Cesare Beccaria, an early criminal justice philosopher and Italian jurist at the time of the founding, wrote a treatise On Crimes and Punishments in which he warned against the dangerous error of “those who pretend to reduce society in general to the regularity of a convent.” He explained that the importance of liberty of action was a sacred political principle where “every member of society has a right to do anything that is not contrary to the laws, without fearing any other inconveniences than those which are the natural consequences of the action itself.” He believed this principle “should be defended by the laws, inculcated by the magistrates, and believed by the people” such that man is “only limited by our natural powers” to the end that “our minds become free, active, and vigorous” and “we are inspired with that virtue which knows no fear, so different from that pliant prudence, worthy of those only who can bear a precarious existence.”
It is no coincidence that all across the globe, the thinkers of the 18th Century’s “Age of Enlightenment” have laid the philosophical foundation for the rapid progress and advancement of humanity out of our precarious existence. It was this central idea—that man, when set free, can accomplish anything—that drove the founding of our nation and is a principle that we should revere today. The idea of thousands of laws is contrary to this central idea, and leads to the stifling of imagination, innovation, and life itself. It leads to the “regularity of a convent” as people focus instead on compliance with the mandates of the state instead of advancement for themselves and humanity.

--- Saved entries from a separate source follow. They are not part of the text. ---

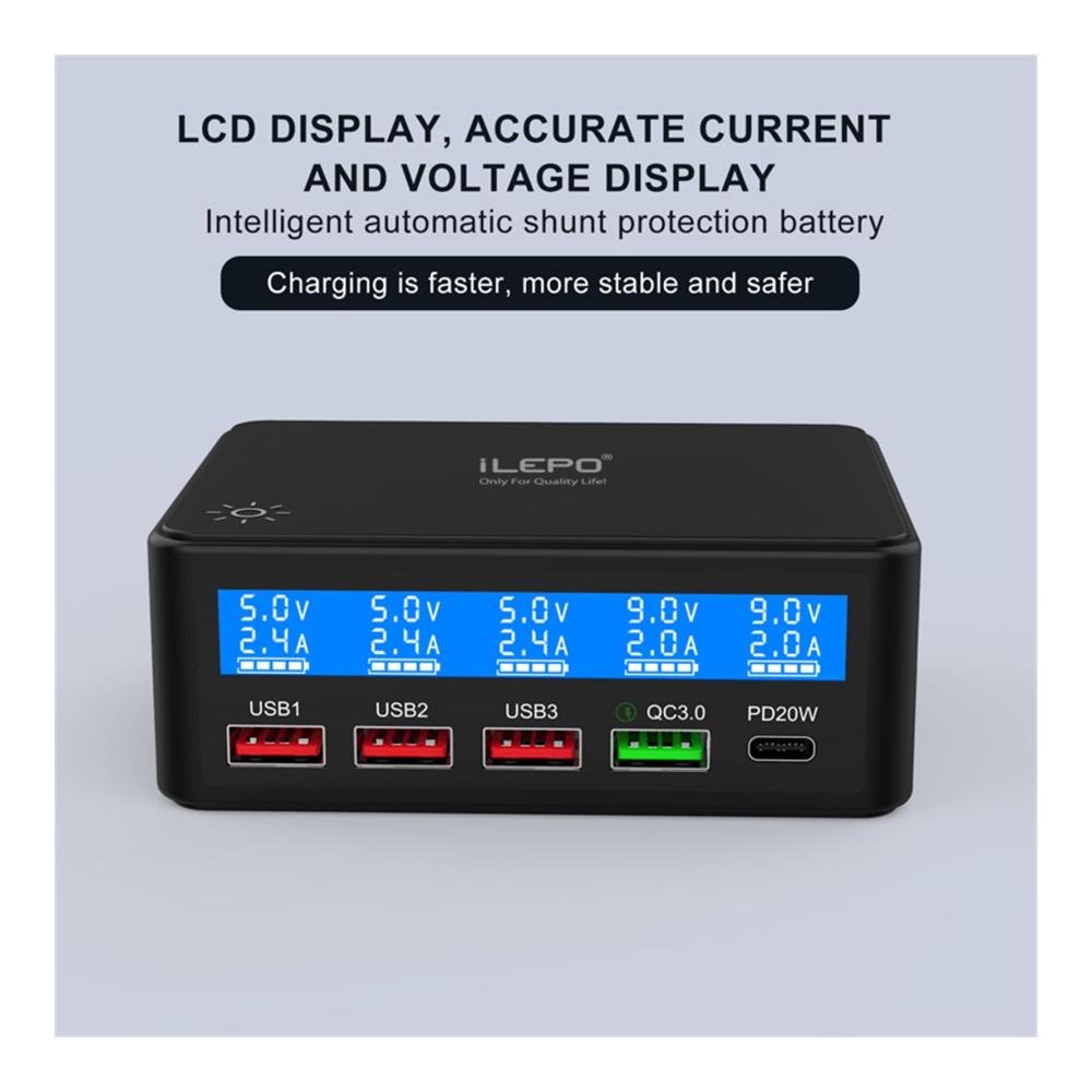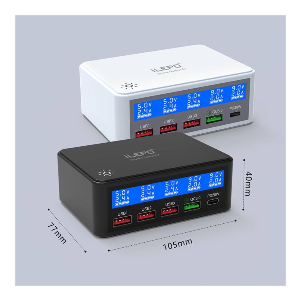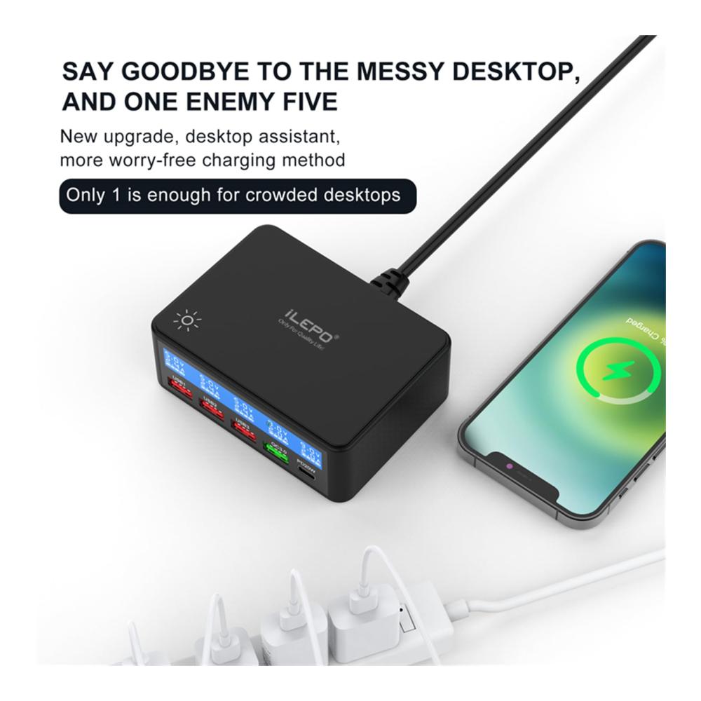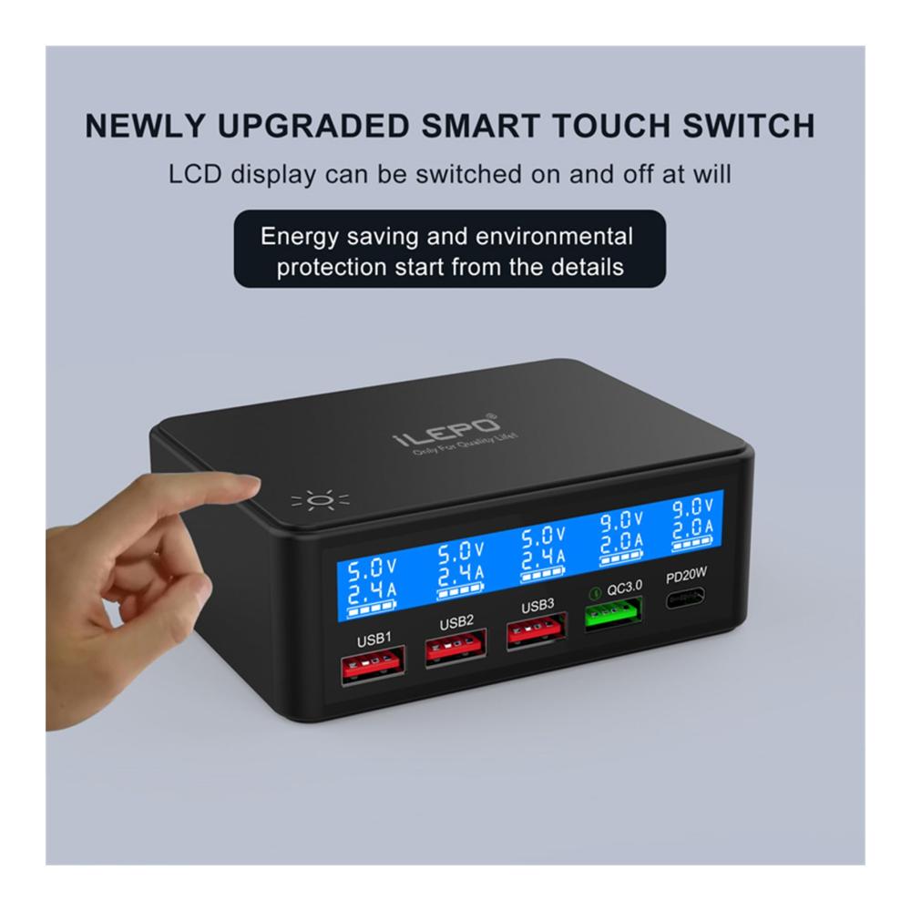 Mit seinem kompakten und leichten Design ist dieses Ladegerät perfekt für Reisen geeignet. Die eingebaute LCD-Anzeige zeigt den Ladestatus jedes Anschlusses an und der intelligente Touch-Schalter ermöglicht es, die Hintergrundbeleuchtung des Displays nach Bedarf zu steuern.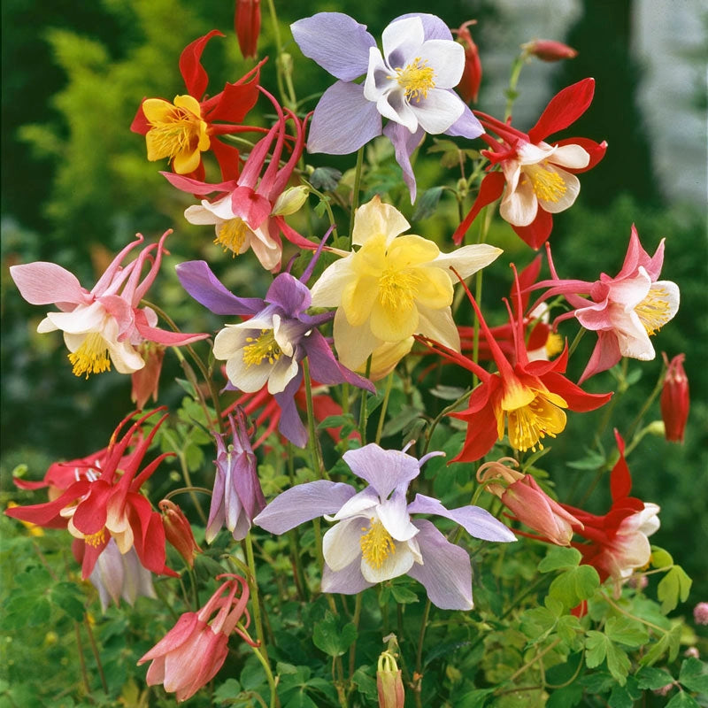 Large, 2-3" blooms are perfect for a sunny border, cutting garden or naturalized area. These reliable plants--McKana hybrids--bear charming, bonnetlike flowers in shades of blue, yellow, rose and red above mounds of fernlike leaves. A customer favourite for generations. Varieties are not individually labeled.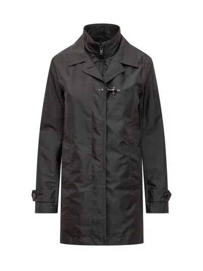 Cropped Black Nylon Down Jacket With Iconic Fastening And Windproof Cuffs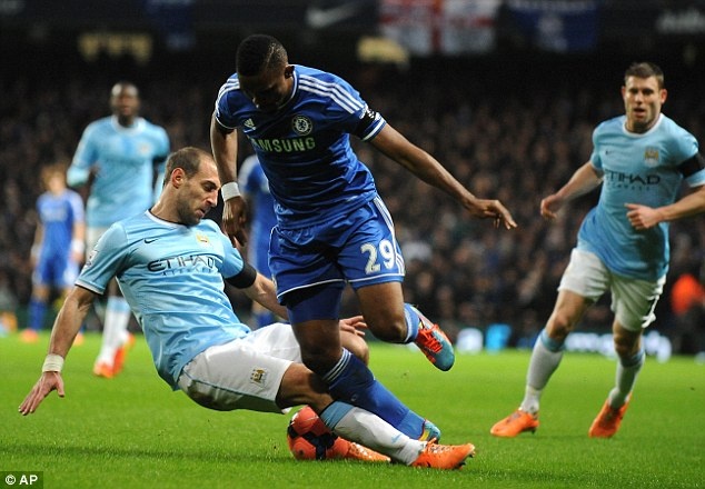 | Samuel Eto'o ra sân ngay từ đầu, nhưng tiền đạo khoác áo số 29 của Chelsea không có nhiều khoảng trống khi nhận được sự chăm sóc đặc biệt của Zabaleta. |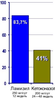 Излечение в группе больных, получавших терапию Ламизилом, наступало быстрее.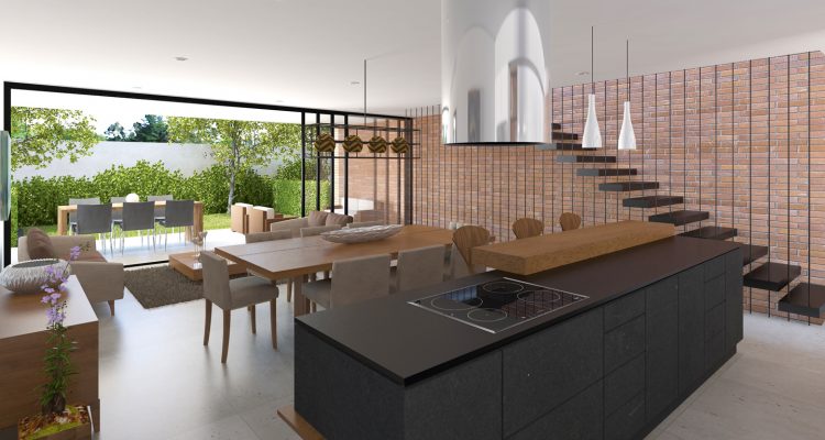 Sin columnas interiores. Cada casa es un módulo rectangular, debajo de cada una hay dos estacionamientos que corresponden a cada vivienda, y el proyecto está planteado desde un módulo que nace en el subsuelo. La ventaja de eso es justamente que la estructura hacia arriba está en las paredes que separan una vivienda de otra, y por lo tanto no hay ni una sola columna dentro de las casas. Esto es un gran atributo porque convierte a la planta abierta en un espacio muy flexible. Además, entre las casas habrá doble pared para evitar la contaminación auditiva, y en el piso superior estamos usando ladrillo como elemento constructivo por sus excelentes propiedades acústicas.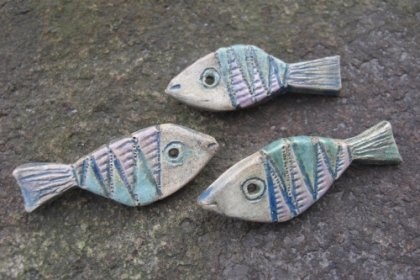 Trzy ręcznie formowane broszki ceramiczne, z jasnej kremowej gliny. Wzór ryty. Na satynowo-matowo szkliwione. Beż, szafir i pudrowy róż. Długość 6-6,5; szerokość ok. 2 cm. Do osobistych kompozycji. Autorskie. Unikatowe.

In the absence of an oppressive and intrusive government, man is not without law—many of the most fundamental laws have natural consequences; government legitimately exists to ensure the protection of basic rights in society for the rest. However, the addition of thousands of other laws for social engineering purposes long ago exceeded its limit and has, in the words of Churchill, “destroyed all respect for the law.”